27 July 2021

Books: Who Stole Sassi Manoon By Donald E. Westlake (1969)

“Who Stole Sassi Manoon? That was the question rocking Montego Bay Film Festival. You might ask Kelly Bram Nicholas IV, a twenty-five year old mad scientist and inventor of the sea-going computer STARNAP. Or Jigger Jackson, the girl who wants to be a movie star so badly she’d sell somebody else’s body. Or Major ffor-Linton and Miss Adelaide Rushby, who may or may not be English eccentrics. Or You might as Sassi herself –but she may not be able to tell you.” 
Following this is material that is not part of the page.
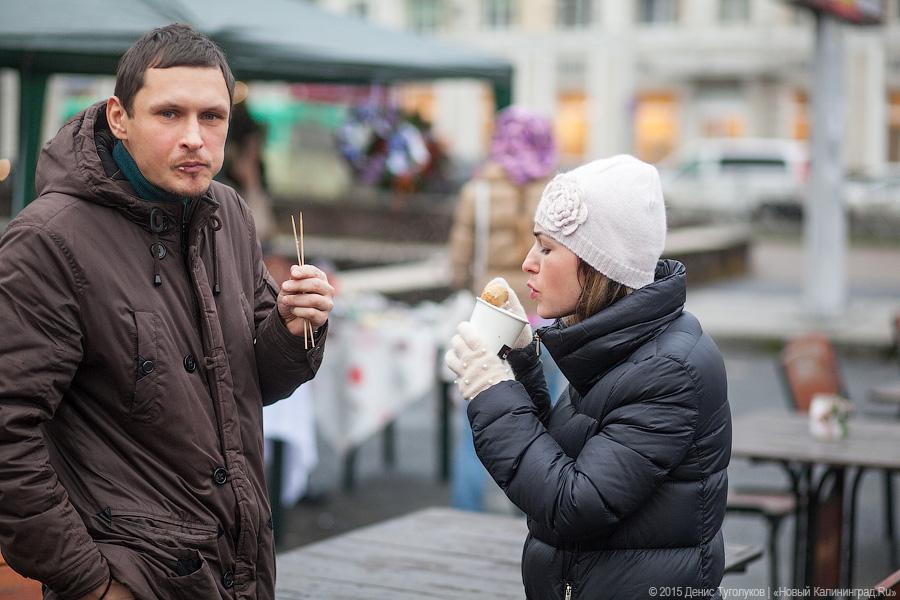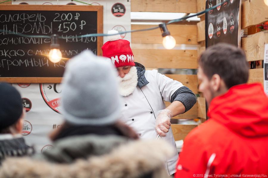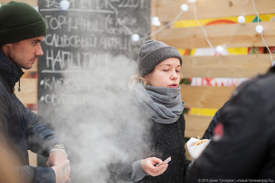 «Рестораны Нового Калининграда.Ru» побывали на Рождественской ярмарке около стадиона «Балтика», постояли в очереди за бургером с говядиной и бургером с пеламидой под мелким дождем, выпили какао, никаких подарков не купили, а снега так и не дождались.

Apparently, this started out as a screenplay –which sort of explains some things. But when things fell through, Westlake adapted the screenplay into a novel and it doesn’t work, if only because Westlake is a novelist not who is not really deft at turning his own screenplay into a novel. Yes, he adapted Jim Thompson’s The Grifters into a brilliant, Oscar nominated screenplay and wrote a few others, but with Who Stole Sassi Manoon, this one may have not been a great screenplay to begin with, and so in prose, you see a lot of its weaknesses.

So certainly not the best Westlake caper, yet it has your typical Westlake set-up with some amateur, clueless, bumbling guys who want to kidnap and ransom off a movie star, and who generally think they have an air tight plan. Until things go wrong. The STARNAP machine –while never explained on how it works, why it works, -is interesting device, but I’m not sure Westlake thought this through (same with the island in the middle of the ocean they end up towards the end –not sure how and why it’s there and how it gets fresh water for the multiple bathrooms). Kelly, Robbie, and Frank are not violent (they could be early designs on Dortmunder and his crew which was a few years off when this book was released), and they can be funny and the set-up, while a bit long-ish, is actually good, but it’s betrayed by a convoluted ending.

Still, there are well-written passages in the book, with Westlake taking another swipe at the movie industry –despite needing their money. And there some ideas that will get revisited –and done better- in later books, but all told, a caper novel you could pass on from this prolific writer.